[BioC] running time: countOverlaps & summarizedOverlaps vs. HTSeq
Nicolas Delhomme
delhomme at embl.de
Thu Mar 29 18:33:48 CEST 2012
Thanks Michael!
---------------------------------------------------------------
Nicolas Delhomme
Genome Biology Computational Support
European Molecular Biology Laboratory
Tel: +49 6221 387 8310
Email: nicolas.delhomme at embl.de
Meyerhofstrasse 1 - Postfach 10.2209
69102 Heidelberg, Germany
---------------------------------------------------------------
On 29 Mar 2012, at 18:28, Michael Lawrence wrote:
> In devel rtracklayer, SeqinfoForUCSCGenome("hg19") does the equivalent of Herve's code. There is also a SeqinfoForBSGenome(). It returns NULL if the genome package is not found, in which case you can fall back to UCSC. That's what rtracklayer does internally when you pass a genome argument to import.
>
> Michael
>
> On Thu, Mar 29, 2012 at 5:39 AM, Nicolas Delhomme <delhomme at embl.de> wrote:
> Hi Steve,
>
> Yes that's true, I've been using that too, but I still encounter BAM files without an header section. Combining both your input will be a way to avoid BSgenome :-)
>
> Cheers,
>
> Nico
>
> ---------------------------------------------------------------
> Nicolas Delhomme
>
> Genome Biology Computational Support
>
> European Molecular Biology Laboratory
>
> Tel: +49 6221 387 8310
> Email: nicolas.delhomme at embl.de
> Meyerhofstrasse 1 - Postfach 10.2209
> 69102 Heidelberg, Germany
> ---------------------------------------------------------------
>
>
>
>
>
> On 29 Mar 2012, at 03:20, Steve Lianoglou wrote:
>
> > Hi,
> >
> > 2012/3/28 Hervé Pagès <hpages at fhcrc.org>:
> >> Hi Nico, Milica,
> >>
> >>
> >> On 03/28/2012 04:21 AM, Nicolas Delhomme wrote:
> >>>
> >>> Hi Milica,
> >>>
> >>> I do the exact same thing in my package (easyRNASeq, still in the devel
> >>> branch of Bioc) and it definitely does not require 20 hours to read "only"

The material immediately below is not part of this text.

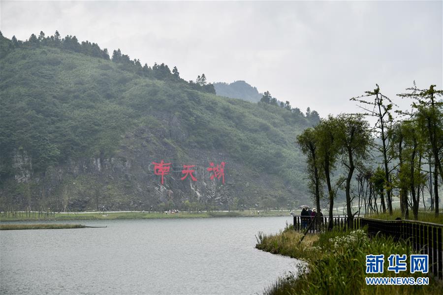 重庆丰都县南天湖景区的环湖步行道上,游客们在游览参观(8月6日摄)。 新华社记者 刘潺 摄
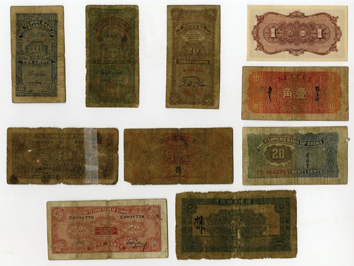 China, 1933-36. Lot of 10 Issued Banknotes from Various Issuers, Includes: Kiangsu Farmers Bank, Monetary Bureau of Government Suchow, Yu Ming Bank of Kiangsi, Farmers Bank of China, and more. Notes range from Good to XF condition. (10).

> >>> 20 million reads. Are you sure you are not getting your machine to swap?
> >>> I.e. did you monitor the memory usage?
> >>>
> >>> It would be interesting (for me, at least) if you could try my package to
> >>> get your count table. You can either retrieve the annotation from biomaRt or
> >>> provide a GFF file. See the vignette of the package for the details and
> >>> maybe these two posts on that mailing list:
> >>>
> >>> https://stat.ethz.ch/pipermail/bioconductor/2012-February/043478.html
> >>> https://mailman.stat.ethz.ch/pipermail/bioconductor/2012-March/044124.html
> >>
> >>
> >> Slightly off-topic but probably worth mentioning is that you don't
> >> need to use a BSgenome package in order to fetch the chromosome
> >> lengths of an organism. For example in the code you show in the
> >> 2 above posts, you could use makeTranscriptDbFromUCSC() (or
> >> makeTranscriptDbFromBiomart(), both from the GenomicFeatures
> >> package) to make a TranscriptDb object, and then to do seqlengths()

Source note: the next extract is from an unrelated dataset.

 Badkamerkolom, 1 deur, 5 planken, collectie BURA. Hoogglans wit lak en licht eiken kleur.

> >> on that object (BTW it would be nice if this worked with
> >> makeFeatureDbFromUCSC() too). If you don't have the BSgenome packages
> >> for hg19 or mm9 already installed, that should be faster than
> >> installing them.
> >
> > Also, the BAM file you are using as the source of your reads has the
> > seqlength info in it, eg:
> >
> > R> library(Rsamtools)
> > R> bf <- BamFile('/path/to/your.bam')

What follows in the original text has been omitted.